Immigration has always been a problem for America since its founding. Majority of Americans have adopted the attitude that is only citizens born in the country are allowed to occupy our homes and jobs. Immigrants have been migrating to America for the off chance they and their families can start anew away from the war or secession happening in their Native country. The welfare for all is important to us, but not others. America was built from ideologies of immigrants. Those colonist that traveled here all these years ago, were just a group of Calvinist immigrants from Europe. So if our colonist were originally immigrants in the 15th century, why do we treat the ones today with such hatred? Why, today, are some overjoyed at Donald Trump’s plans to ban our Muslim and Mexican refugees and immigrants? What will it take to get the American people to see that this is immorally wrong and something should be done? The Social Justice party wishes to help better the lives of our foreign citizens, by abolishing restricting acts and laws and also reducing the number of illegal immigrants. We want immigrants to have the same opportunities as we do today.How U.S. immigration laws and rules have changed through history _ Pew Research Center
Immigration has always been a sore subject for some of our American citizens. The constant argument on whether immigration is a problem has been here since United States of America’s founding. To combat excessive immigration, the U.S. began to pass countless number of laws.

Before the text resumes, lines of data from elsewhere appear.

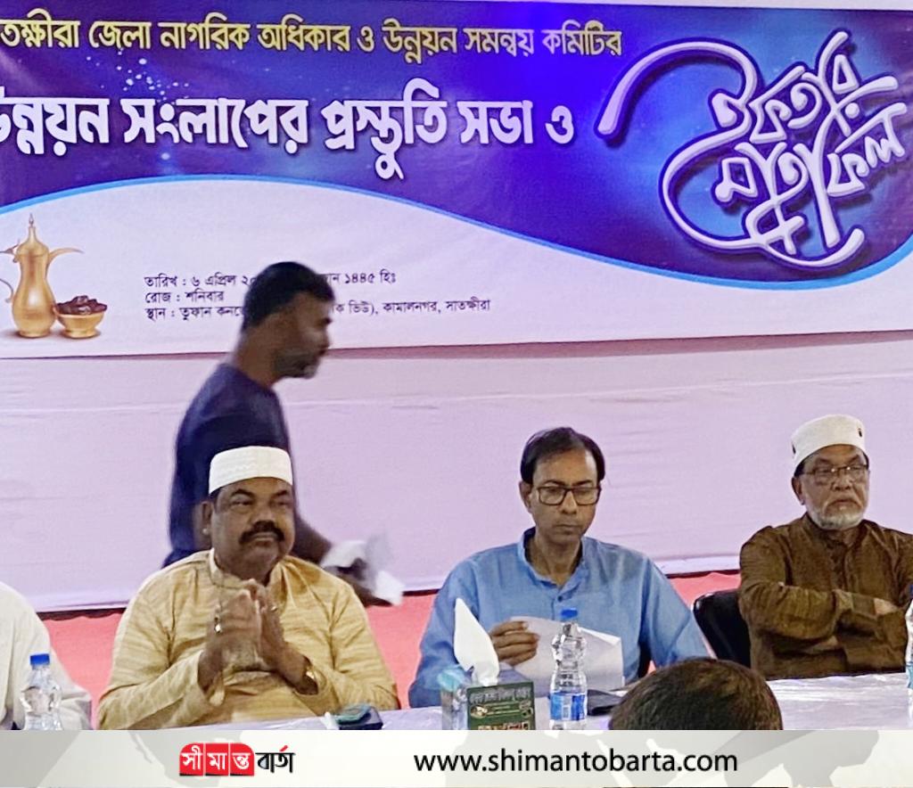 নিজস্ব প্রতিনিধি: সাতক্ষীরা জেলা নাগরিক অধিকার ও উন্নয়ন সমস্বয় কমিটির উন্নয়ন সংলাপের প্রস্তুতি সভা ও ইফতার মাহফিল অনুষ্ঠিত হয়েছে। জেলা নাগরিক অধিকার উন্নয়ন ও সমন্বয় কমিটির আয়োজনে গতকাল বিকালে শহরের লেকভিউ কনভেনশন সেন্টারে দৈনিক দৃষ্টিপাত সম্পাদক ও সংগঠনের সভাপতি জিএম নূর ইসলামের সভাপতিত্বে প্রধান অতিথি হিসাবে বক্তব্য রাখেন, জেলা পরিষদের চেয়ারম্যান ও জেলা আ’লীগের সাধারন সম্পাদক আলহাজ্ব মোহাম্মদ নজরুল ইসলাম। সম্মানিত অতিথি হিসাবে বক্তব্য রাখেন জেলা জাতীয় পার্টির সভাপতি ও সংগঠনের সাবেক সভাপতি শেখ আজহার হোসেন, জেলা দুর্নীতি প্রতিরোধকমিটির সভাপতি ও সংগঠনের সিনিয়র সহ সভাপতি আলহাজ্ব ডা: আবুল কালাম বাবলা, ঢাকাস্থ সাতক্ষীরা জেলা সমিতির সহ-সভাপতি মো: আমজাদ হোসেন, সাধারণ সম্পাদক ইকবাল মাসুদ, অন্যান্যদের মধ্যে বক্তব্য রাখেন সংগঠনের সাবেক সভাপতি কবি কামরুল ইসলাম ফারুক, ভোমরা সিএন্ডএফ এসোসিয়েশনের ভারপ্রাপ্ত সভাপতি শেখ এজাজ আহমেদ স্বপন, জাতীয় পুরস্কা প্রাপ্ত ও সাবেক ফিফা রেফারী তৈয়েব হাসান বাবু। এসময় উপস্থিত ছিলেন সংগঠনের সহসভাপতি অধ্যাপক মোজাম্মেল হোসেন, ফারহা দিবা খান সাথী, মো: আশরাফুল করিম, এসএম আবুল কালাম আজাদ, মোহাম্মদ আলী সুজন, মঈন উর রশিদ, রফিকুল ইসলাম, মিজানুর রহমান, মো: কামরুজ্জামান রাসেল, আবু জাফর সিদ্দিকী, মো: মোস্তাফিজুর রহমান, মো: ইসমাইল হোসেন, শরিফুজ্জামান, রেজাউল করিম, আকবরহোসেন, আমিরুল ইসলাম, জিএম সালাহউদ্দীন, অধ্যাপক নূর মোহাম্মদ পাড়, এসএম মহিদার রহমান, মো: হাফিজুর রহমান, মুছা করিম, সৈয়দ রেজওয়ান আলী,মীর তাজুলইসলাম রিপন। দোয়া পরিচালনা করেন সংগঠনের সহসভাপতি মো: আব্দুর রব ওয়ার্ছি। সমগ্র অনুষ্ঠানটি সঞ্চালনা করেন সংগঠনের সাধারণ সম্পাদক ও উপজেলা চেয়ারম্যান প্রার্থী মো:মশিউর রহমান বাবু।
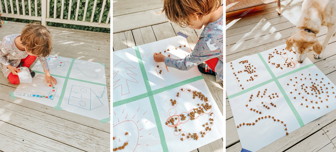 Kids create drawings, tape them to the floor, and decorate their artwork with kibble or treats. Then it’s time to invite the dog to enjoy a playful, edible art gallery! It’s a great activity to practice some number and letter recognition too.
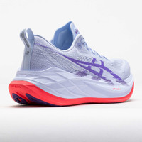 Supercharge your speed in the ASICS Superblast 2 Unisex! This fan-favorite super trainer stays true to the original while adding minor improvements. Enjoy plush cushioning from the energetic FF TURBO™ PLUS top layer and soft FF BLAST™ PLUS ECO foam below. An asymmetric mesh upper design features different colors on the medial and lateral angles for visual appeal.Speedy and stylish, the ASICS Superblast 2 helps you take flight during any run! What's new? - FF TURBO™ PLUS cushioning offers a softer, more energetic ride. - ASICSGRIP™ outsole provides a softer feel for improved traction during your miles. Who's it for? - Neutral runners looking for a light and bouncy shoe to wear during long runs, tempo training and more. - ASICS fans of the METASPEED and BLAST series who want to try the newest addition to the lineup. Shoe Technology Upper: Soft and stretchy woven upper provides more flexibility and comfort. Engineered mesh material improves airflow to keep your feet cool and dry. Gusseted tongue wing fit system secures the midfoot and reduces tongue sliding. Reflective details improve visibility in low-light environments. The sockliner features a dyeing process that reduces water usage by approximately 33% and carbon emission by 45% compared to conventional methods. Midsole: FF TURBO™ PLUS cushioning offers a softer, more energetic ride. FF BLAST™ PLUS ECO cushioning adds more bounce with a lower carbon footprint. Outsole: ASICSGRIP™ outsole provides a softer feel for better traction during your runs. Trampoline-inspired outsole design adds a more responsive rebound. AHARPLUS™ heel plug rubber improves outsole durability. PRODUCT SPECIFICATIONS - Support: neutral - Color: Blue Fade/Edo Purple - Forefoot Height: 37mm - Heel Height: 45mm - Offset: 8mm - Weight: 8.5 Ounces (Size 8.5) - Item #: 043126 - Style #: 1013A142.401 US sales only.
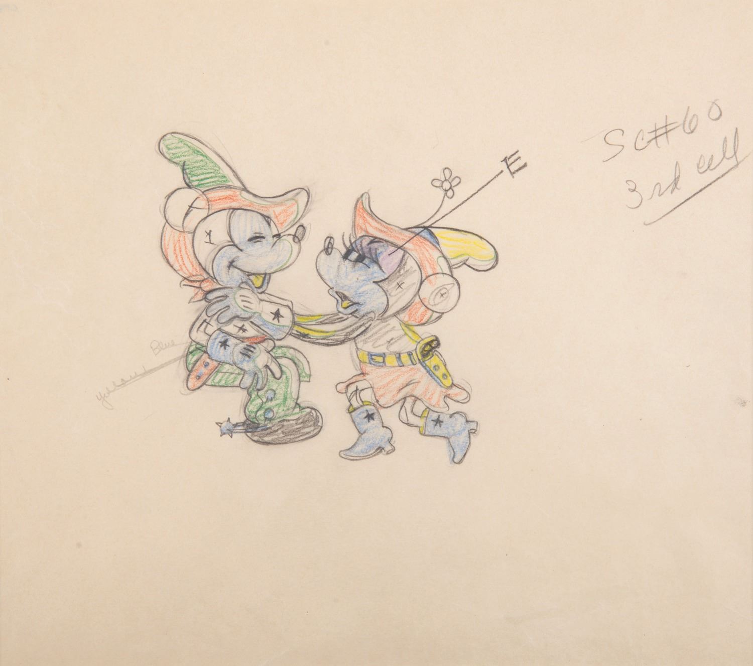(Disney, 1934) An original production drawing of Mickey and Minnie Mouse from "Two Gun Mickey." Accomplished in colored pencil and graphite, the total image size is 4.5"x4.5" on untrimmed 9.5"x11.5" animation paper. The artwork is in very good condition with minor wear and yellowing from age.

- Alien Enemies Act 1798, this act, “authorized the imprisonment or deportation of male citizens (ages 14 and older) of a hostile nation during times of war; the act was used during World War II, and today a modified version permits the president to detain, relocate or deport alien enemies during war” (D’Vera Cohn).
- The Chinese Exclusion Act which banned Chinese, “[…] laborers from immigrating for the next 10 years and authorized deportation of unauthorized Chinese immigrants. Any Chinese immigrant who resided in the U.S. as of Nov. 17, 1880, could remain but was barred from naturalizing. The 1892 Geary Act extended this law for an additional 10 years and required that Chinese nationals obtain identification papers” (Cohn).
Not all of the Acts were acts that restricted immigrants in anyway; some were used to benefit either the U.S. or the immigrants themselves.
- There is the Immigration Act of 1864, which provided labor contracts during the Civil War.
- The Naturalization Act of 1870, this act “Amends naturalization requirements to extend eligibility to individuals of African nativity or descent” (Cohn). The Deferred Action For Childhood Arrivals (DACA), this act made by President Obama allowed”.. young adults (ages 15 to 30) brought to the U.S. illegally as children can apply for temporary deportation relief and a two-year work permit. As of March 31, 2015, roughly 665,000 applicants had been approved for DACA.” (Cohn).
These Acts and many more have be created, amended, or removed constantly throughout the years as the opinions of the people change. Even so, this did not stop immigrants from trying to enter the country, whether legally or illegally. No matter how much we try to control it, there has always been an astounding number of illegal immigrants in America. Sometimes they are mostly concentrated in one metropolitan area. Why is this? Authors Jeffrey S. Passel and D’Vera Cohn explain that,”[…]the analysis also shows that unauthorized immigrants tend to live where other immigrants live. Among lawful immigrants – including naturalized citizens and noncitizens – 65% lived in those top metros” (Passel and Cohn). Recently, Donald Trump has threatened taking action against the metropolitan cities who did not give up the information of unauthorized immigrants, but most have refused.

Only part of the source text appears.